Against the backdrop of business closures, layoffs, working from home and social distancing, the Ipsos Issues Monitor has tracked steep increases in Australians’ concern about the economy and unemployment (see Figure 1). Concern about healthcare peaked in April and again in August, following the rollercoaster of new outbreaks and extended lockdowns.
An Ipsos poll conducted in July found that 34% of Australians believed their own personal financial circumstances would get worse over the next 12 months, compared to 23% who believed they would get better. This net negative score of 11% was a vast improvement on March, when the negative outlook outweighed the positive by a whopping 28%.
Amidst all this upheaval, most of us have all been spending more time than ever in our homes and neighbourhoods. Which makes it an interesting time to look at how Australians feel about their local areas.

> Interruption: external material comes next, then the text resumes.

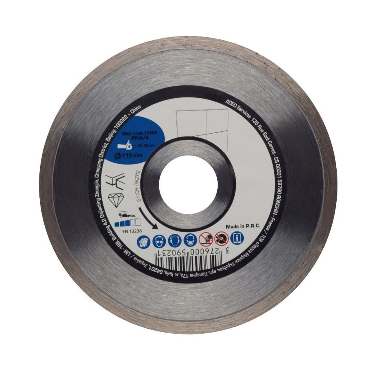 Epaisseur de la meule (en mm): 1.4Diamètre (en mm): 115Niveau de finition: CoupeAlésage (en mm): 22.2Nombre d'unités consommateur: 1Type de matériau: CarrelageType de machine: MeuleuseProduit emballé : hauteur (en cm): 11.8Produit emballé : largeur (en cm): 12Produit emballé : profondeur (en cm): 0.

We surveyed 14,000 Australians for our annual Life in Australia study during July 2020. Participants were asked to select the top five attributes that they believe makes somewhere a good place to live. We also asked them to rate how well their local area performed on across 16 liveability attributes. We’ve done this every year since 2016.
Interestingly, despite the rapid evolution in our lifestyles and clear impact of the pandemic on our concerns, the attributes that we feel are most important in our local areas are stable when compared to 2019. Feeling safe, affordable decent housing and high-quality health services remain the three most important attributes in both metropolitan and regional locations (see Figures 2 and 3).
And despite the fact that many Australians will have been looking for opportunities to spend time socially distancing in the outdoors, the importance of access to the natural environment was also very stable compared to 2019. It remains the fifth most important attribute in metropolitan locations and the fourth most important in regional locations.
All of this is not to say that the changes brought about by the pandemic haven’t impacted where some people want to live. Domain, for example, has recently reported spikes in searches for properties in regional areas.
However, it is interesting to note that factors that make somewhere a good place to live remain unchanged even as our lifestyles have been turned upside down by COVID-19.
Most liveable metropolitan locations
This year, the most liveable metropolitan location in the country based on Ipsos’s ‘Liveability Index’ was Adelaide (Central and Hills) with a ranking of 71.5. It was the only metropolitan location in the country that rated above average across all 16 liveability metrics and was the only Adelaide location in the top 10 most liveable metropolitan locations.
Sydney dominated the 10 most liveable metropolitan locations with four entrants (Sutherland (2), City and Inner South (6), North Sydney and Hornsby (7) and Northern Beaches (8)). Perth and Brisbane both had two locations in the top 10 (Perth – Inner (3), Perth – Northwest (9) / Brisbane – Inner City (5), Brisbane – West (10) and Melbourne had one (Inner South (4).
Most liveable regional locations
The most liveable regional location was the Murray region in NSW with a ranking of 70.4. It rated above average compared to other regional locations for every metric except for access to the natural environment.
South East Queensland was heavily represented in the 10 most liveable regional areas, with the Gold Coast (3), Sunshine Coast (5), Moreton Bay South (8) and Toowoomba (9) making the list. Three Victorian locations made the top 10 (Warrnambool and South West (2), Ballarat (6) and Hume (7), along with two NSW locations (Murray (1) and Newcastle and Lake Macquarie (4)), and the Wheat Belt in Western Australia rounding out the top 10.